Information shown
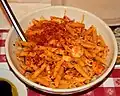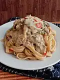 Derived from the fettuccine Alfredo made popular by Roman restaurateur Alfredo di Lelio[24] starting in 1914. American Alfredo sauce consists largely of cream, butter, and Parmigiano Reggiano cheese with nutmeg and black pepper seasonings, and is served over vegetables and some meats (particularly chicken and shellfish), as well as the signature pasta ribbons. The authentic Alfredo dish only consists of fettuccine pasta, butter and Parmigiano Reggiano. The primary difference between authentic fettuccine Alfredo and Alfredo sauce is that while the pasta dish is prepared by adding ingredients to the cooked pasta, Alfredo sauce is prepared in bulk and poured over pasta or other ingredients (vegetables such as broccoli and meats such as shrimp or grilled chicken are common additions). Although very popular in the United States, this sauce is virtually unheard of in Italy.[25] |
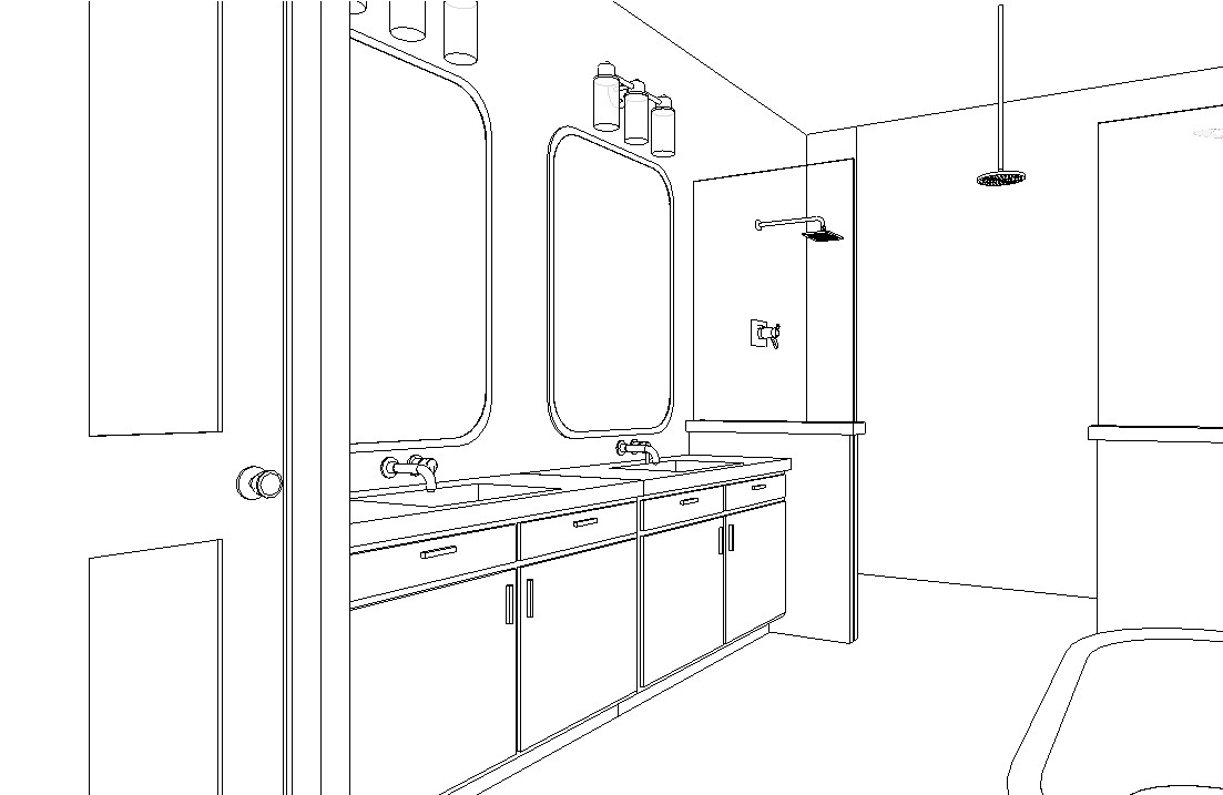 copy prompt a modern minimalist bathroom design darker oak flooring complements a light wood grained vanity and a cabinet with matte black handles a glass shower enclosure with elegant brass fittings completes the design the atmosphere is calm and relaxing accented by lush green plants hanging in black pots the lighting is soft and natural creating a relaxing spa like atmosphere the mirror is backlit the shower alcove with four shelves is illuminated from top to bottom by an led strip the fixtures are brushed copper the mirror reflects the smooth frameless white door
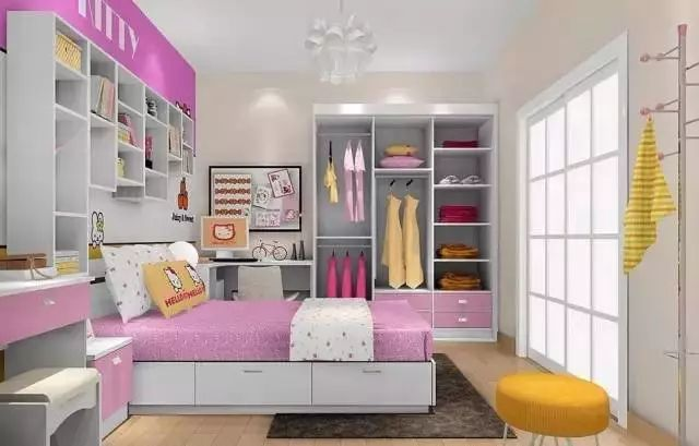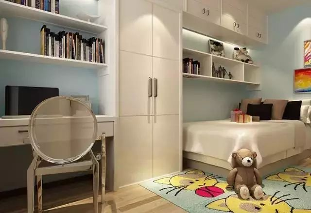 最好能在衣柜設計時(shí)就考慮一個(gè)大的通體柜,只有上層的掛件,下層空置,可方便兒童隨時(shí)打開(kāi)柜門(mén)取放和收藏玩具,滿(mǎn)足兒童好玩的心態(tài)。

Aim of the task
Output a faithful copy of the data, with each picture left out.

Response to the task
 Derived from the fettuccine Alfredo made popular by Roman restaurateur Alfredo di Lelio[24] starting in 1914. American Alfredo sauce consists largely of cream, butter, and Parmigiano Reggiano cheese with nutmeg and black pepper seasonings, and is served over vegetables and some meats (particularly chicken and shellfish), as well as the signature pasta ribbons. The authentic Alfredo dish only consists of fettuccine pasta, butter and Parmigiano Reggiano. The primary difference between authentic fettuccine Alfredo and Alfredo sauce is that while the pasta dish is prepared by adding ingredients to the cooked pasta, Alfredo sauce is prepared in bulk and poured over pasta or other ingredients (vegetables such as broccoli and meats such as shrimp or grilled chicken are common additions). Although very popular in the United States, this sauce is virtually unheard of in Italy.[25] |
 copy prompt a modern minimalist bathroom design darker oak flooring complements a light wood grained vanity and a cabinet with matte black handles a glass shower enclosure with elegant brass fittings completes the design the atmosphere is calm and relaxing accented by lush green plants hanging in black pots the lighting is soft and natural creating a relaxing spa like atmosphere the mirror is backlit the shower alcove with four shelves is illuminated from top to bottom by an led strip the fixtures are brushed copper the mirror reflects the smooth frameless white door
 最好能在衣柜設計時(shí)就考慮一個(gè)大的通體柜,只有上層的掛件,下層空置,可方便兒童隨時(shí)打開(kāi)柜門(mén)取放和收藏玩具,滿(mǎn)足兒童好玩的心態(tài)。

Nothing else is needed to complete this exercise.